Ana caddelerin ve şehir merkezlerinin giderek daha fazla boş yer ve tehlikeli dükkanlarla dolu olmasının nedeni de budur; perakende emlak değerleri düştükçe oranlar aynı miktarda arttı. Açıkçası bu gündüz soygunu.
Perakendeciler olarak bizim işimiz, gerçekten zor zamanlarda işimizi devam ettirmek ve – eğer yapabilirsek – büyümek için yenilik yapmak ve zor kararlar almaktır. Böylece milyonlarca çalışkan insanı istihdam etmeye devam edebiliriz,
Yaşam desteğine sahip Birleşik Krallık çiftçiliğini destekleyin, ülke genelinde çapa görevi görmeye devam etmeleri için mağazalarımıza yatırım yapın ve kamu bütçesini destekleyin.
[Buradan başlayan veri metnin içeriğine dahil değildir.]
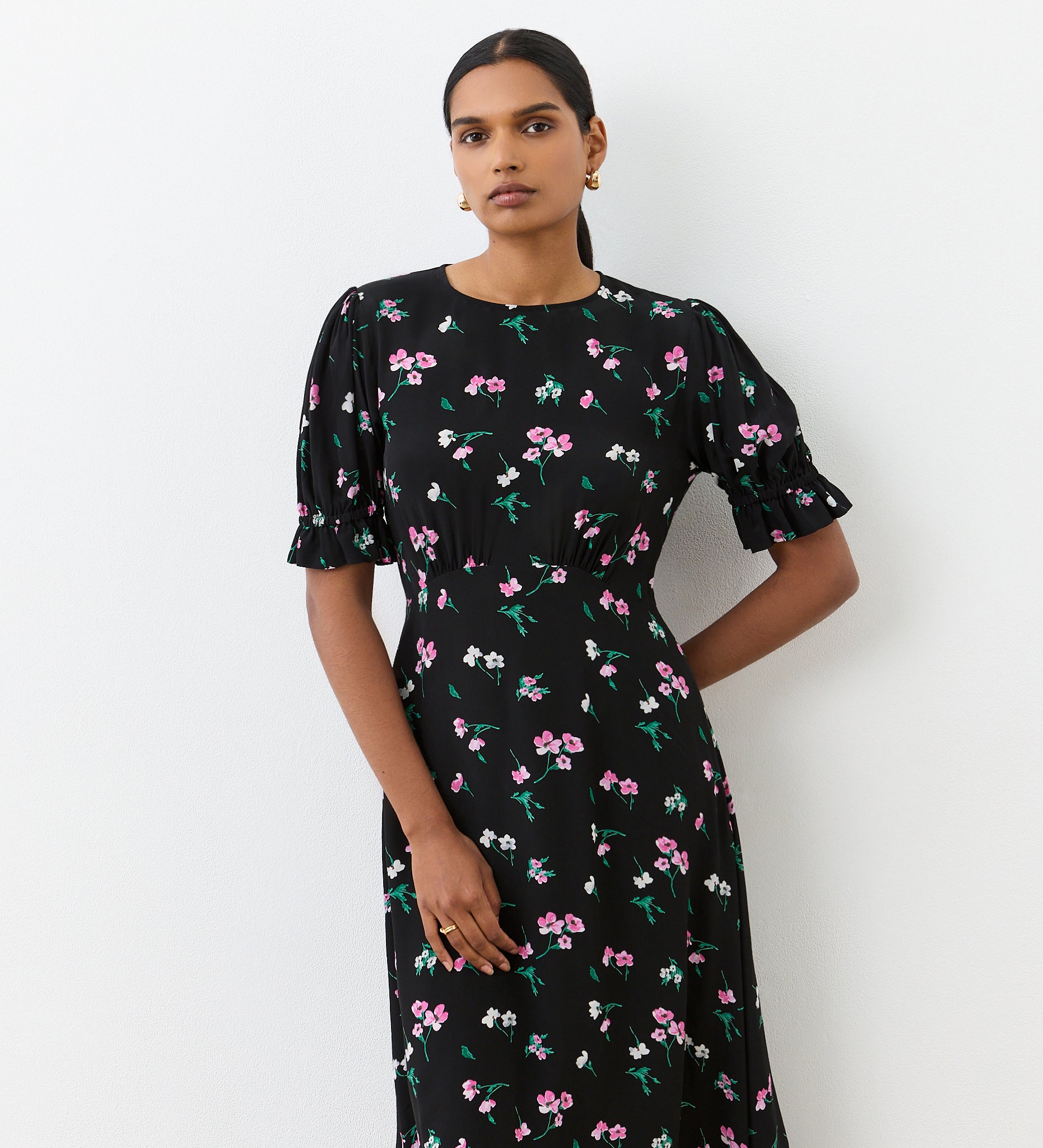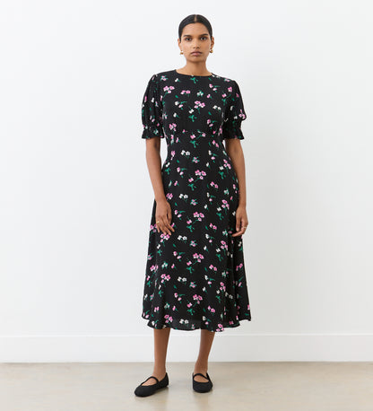 A classic black floral print on our signature viscose, Mela is a midi dress that will see you through any occasion. With an elegant round neckline and empire line waist seam, this dress provides just the right amount of coverage. We love the short sleeves with elasticated cuffs and ruffle detail and the easy-to-dress rear keyhole fastening.

Bu haftaki mali güncellemeyi dört gözle beklerken, Hükümetten tek istediğimiz adil bir şans ve bu, oran çarpanını poundda 50p’nin üzerinde olan orijinal 1990 seviyesine, poundda 35p’ye düşürmek anlamına geliyor. Sadaka istemiyoruz – sadece adalet istiyoruz.